More organic dairy farmers will be needed to satisfy growing demand in the sector, but only in modest numbers, says the Organic Milk Suppliers’ Co-operative.
With liquid milk now the fastest-growing sector of the organic dairy market, the co-operative estimates 75-100 new organic herds will be required in the next 24 months to satisfy an additional 60m litres’ demand.
But sales and marketing director Richard Hampton cautioned farmers against running headlong into organic conversion.
“This is a tiny proportion of the UK’s dairy farms, so the sector does not offer a magic solution to low farm returns.”
In a new report on the future of the organic milk sector published today, OMSCo says the industry has conquered recent years of oversupply which saw surplus organic milk sold into the conventional sector, hammering farmgate prices.
Estimates suggest those farmers who were unable to rein in production saw prices drop to 23p/litre, compared with the 29p/litre originally paid.
Mr Hampton said organic dairy farmers’ future rested on matching supply to demand as closely as possible.

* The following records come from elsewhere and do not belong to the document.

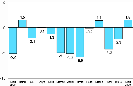 - Teollisuustuotannon kausitasoitettu muutosprosentti toukokuu 2009 / kesäkuu 2009, TOL 2008 (10.8.2009)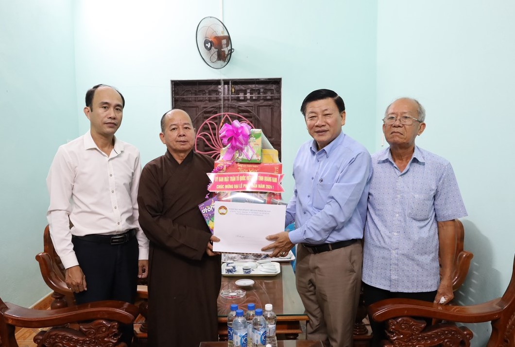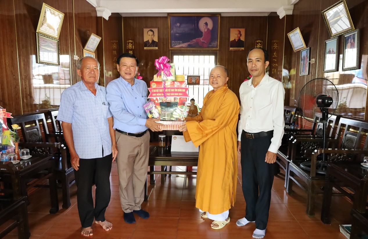 Nhân dịp Đại lễ Phật đản Phật lịch 2568 - dương lịch 2024, ngày 15/5/2024, ông Lê Thái Bình- Phó Chủ tịch Uỷ ban MTTQ Việt Nam tỉnh cùng các thành viên trong Đoàn đến thăm và chúc mừng các vị chức sắc tham gia Uỷ viên Uỷ ban MTTQ Việt Nam tỉnh, là thành viên của Ban Trị sự Giáo hội Phật giáo tỉnh.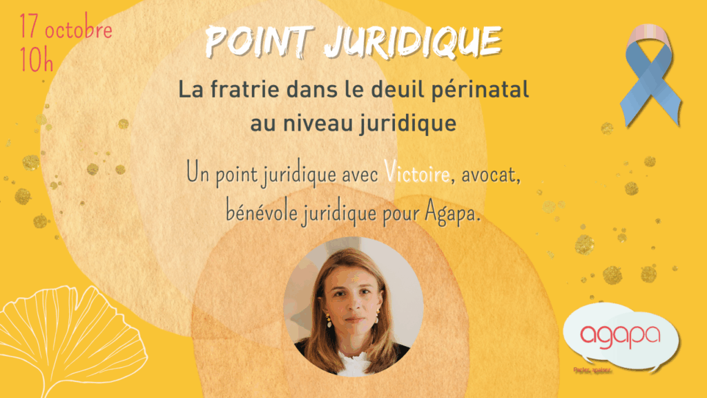 Victoire, avocat et bénévole juridique pour Agapa, fera le point sur tout ce qui concerne la fratrie au niveau juridique : congés maternité et paternité, allocations, congés deuil…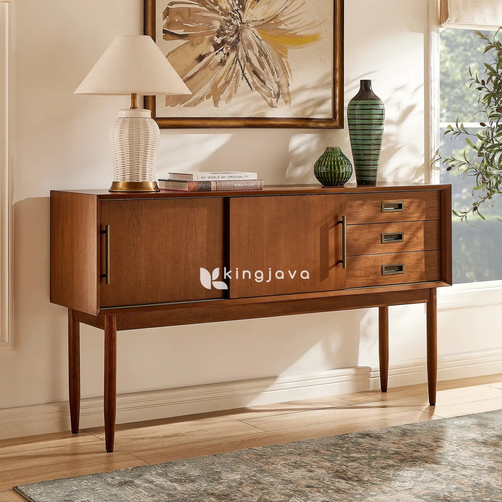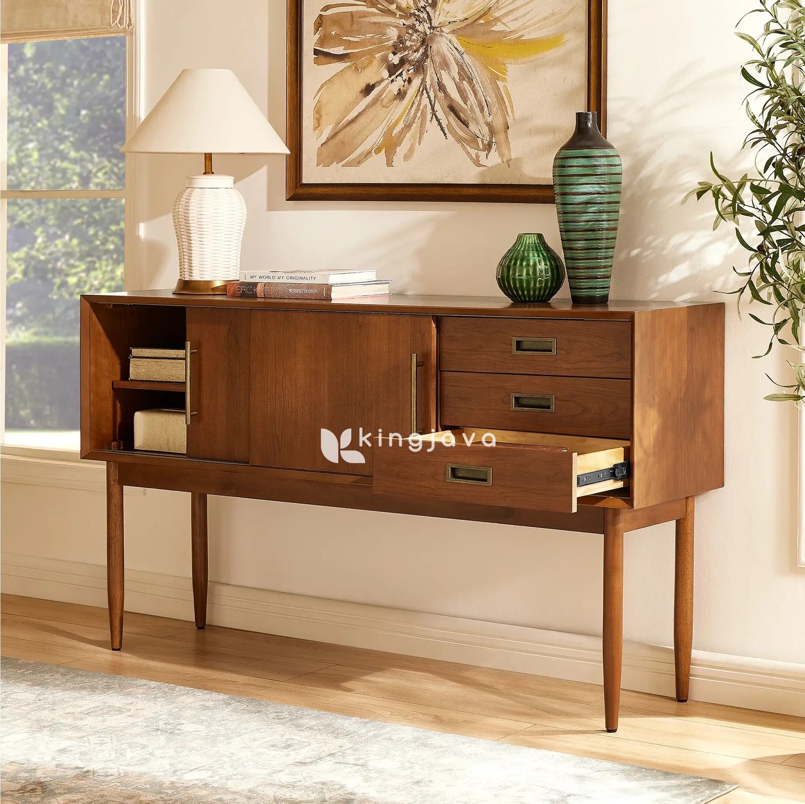 Ruang penyimpanan dengan pintu geser yang luas memudahkan Anda menyimpan berbagai peralatan makan atau barang-barang dekoratif. Desain Mid-Century modern dilengkapi laci-laci yang memberikan solusi penyimpanan tambahan untuk barang-barang kecil. Tak hanya itu, handle kuningan antik menambah sentuhan elegan pada tampilan keseluruhan. Oleh karena itu, kombinasi fungsi dan gaya menjadikan bufet ini pilihan yang cerdas.
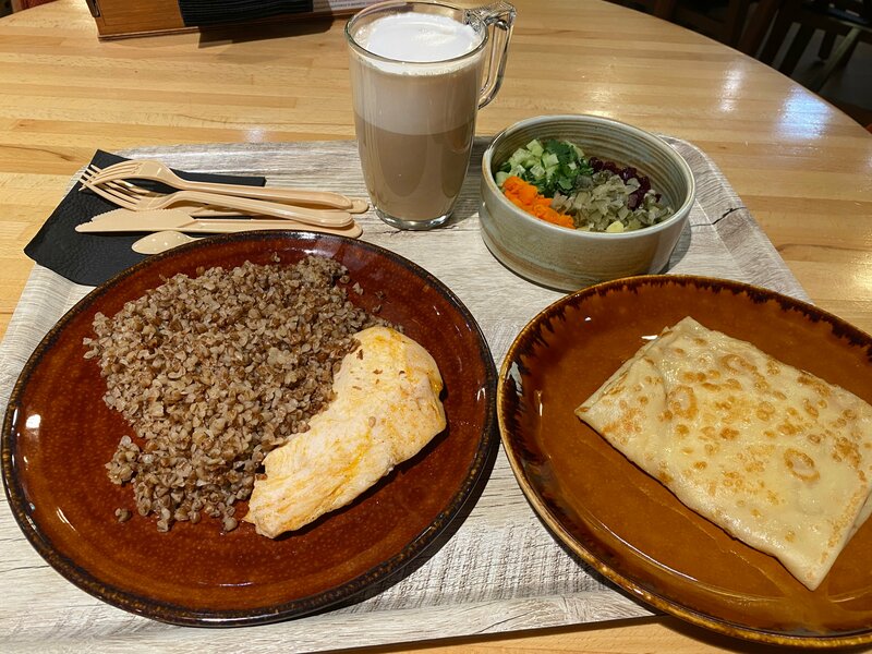 А мне здесь нравится. Блин зачетный с ветчиной и сыром. Томленая грудка с гречкой очень вкусные. Винегрет может быть и на любителя, с ароматным маслом, все ингредиенты отдельно, смешиваете сами. Кофе отличный с пенкой.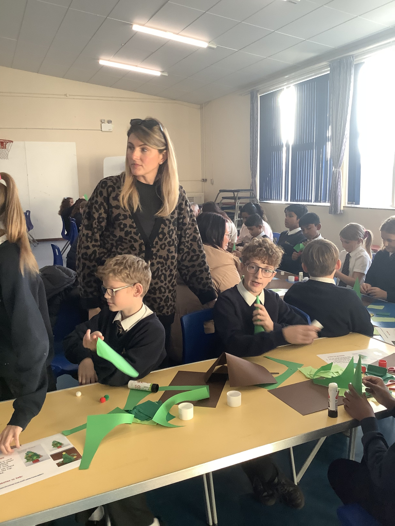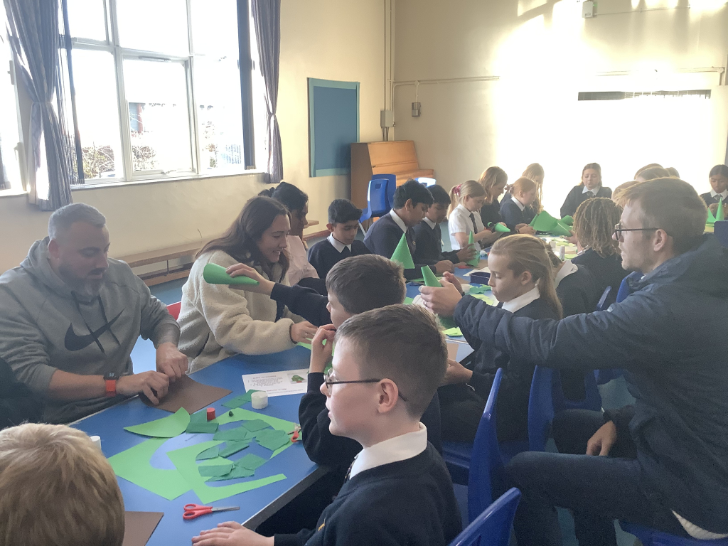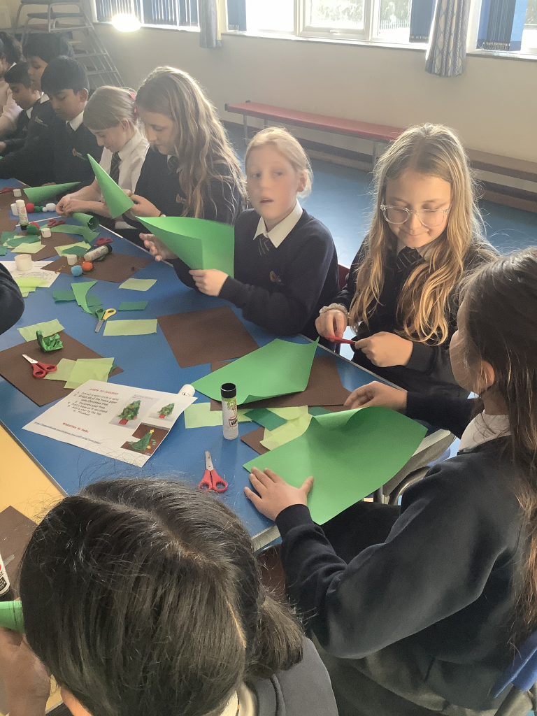 Year 6 welcomed their families into a warm and festive Christmas Craft Café, where the tables were covered with bright tissue paper, pots of glitter, and colourful pom poms. Children and parents worked side by side, carefully shaping layers of tissue paper for their vibrant Christmas trees, each one completely unique.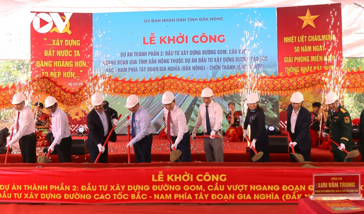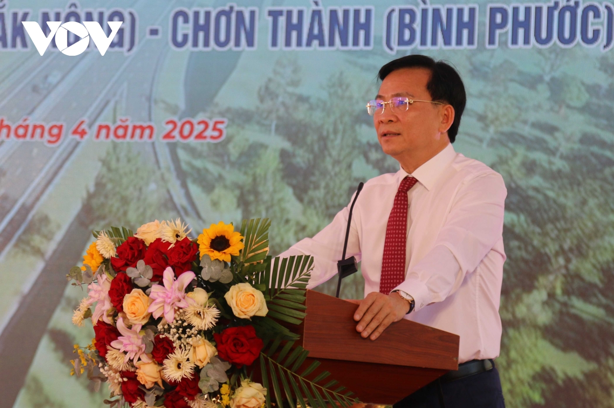 VOV.VN - Sáng 19/4, trong không khí chào mừng kỷ niệm 50 năm Ngày Giải phóng miền Nam, thống nhất đất nước, UBND tỉnh Bình Phước tổ chức Lễ khởi công hai dự án thành phần thuộc Dự án đầu tư xây dựng đường cao tốc Bắc - Nam phía Tây, đoạn Gia Nghĩa (Đắk Nông) - Chơn Thành (Bình Phước).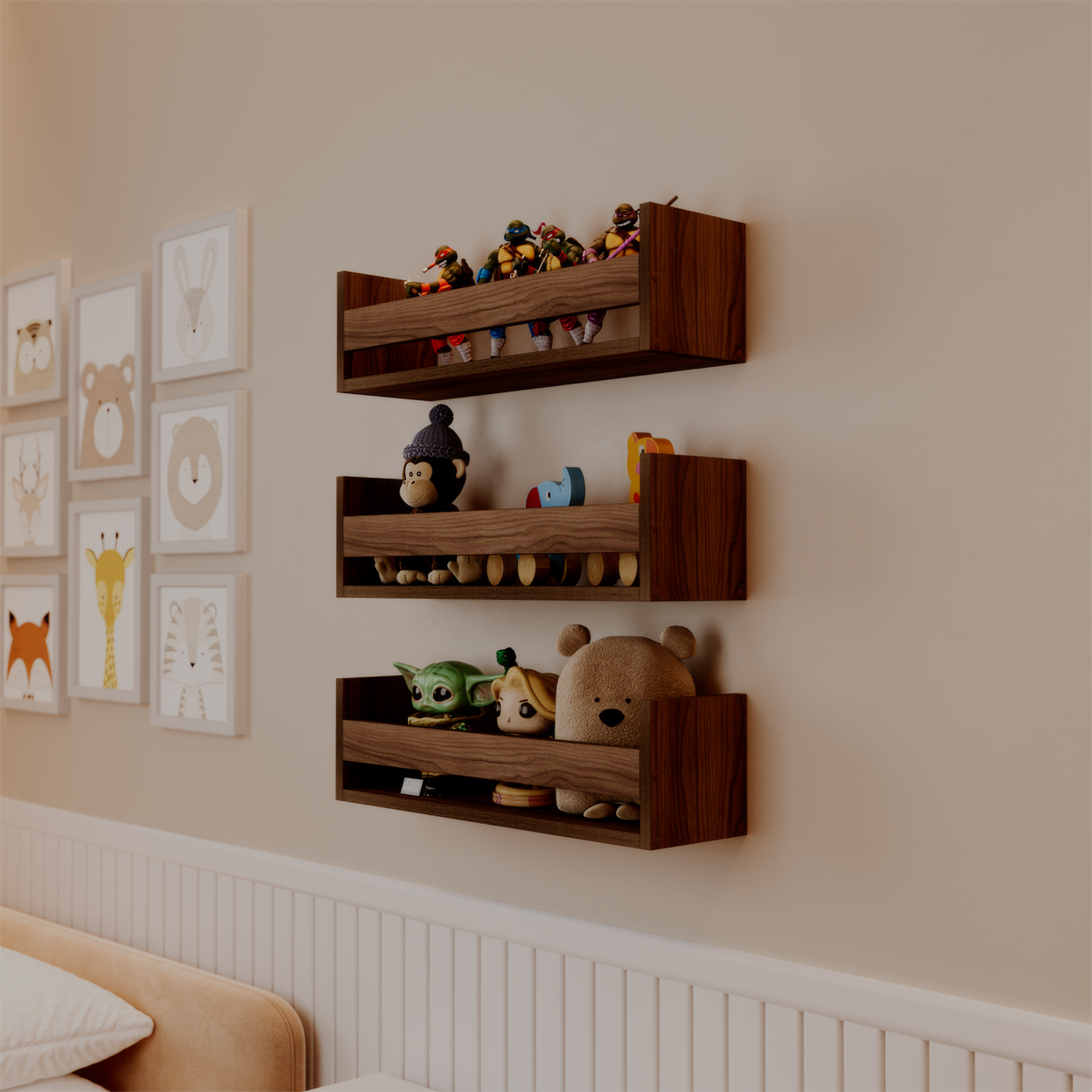 Kit 3 Prateleiras Porta Brinquedos Nogal 70 x 12cm Suporte Invisivel

“We must avoid another boom and bust situation. It’s not as easy for the organic sector to turn the taps on and off, or deal with excess milk, compared with conventional milk production.
“We need to initiate discussion on how to increase supply in a managed and sustainable way.”
Organic dairy farmers’ net production margins were little different from their conventional counterparts, he added.
“But the additional costs and upheaval of organic conversion are significant.”
Ed Goff, who milks 70 organic dairy cows near Whittington, Shropshire, said:
“At last, we are starting to produce organic milk at a profit again.
“The last three years have been seriously difficult.”
A welcome return to prices around the 29p/litre mark meant there was some room for drawings and re-investment.
“But we were getting these returns five years ago.
In that time our costs have risen – particularly as we are now required to use 100% organic feed.”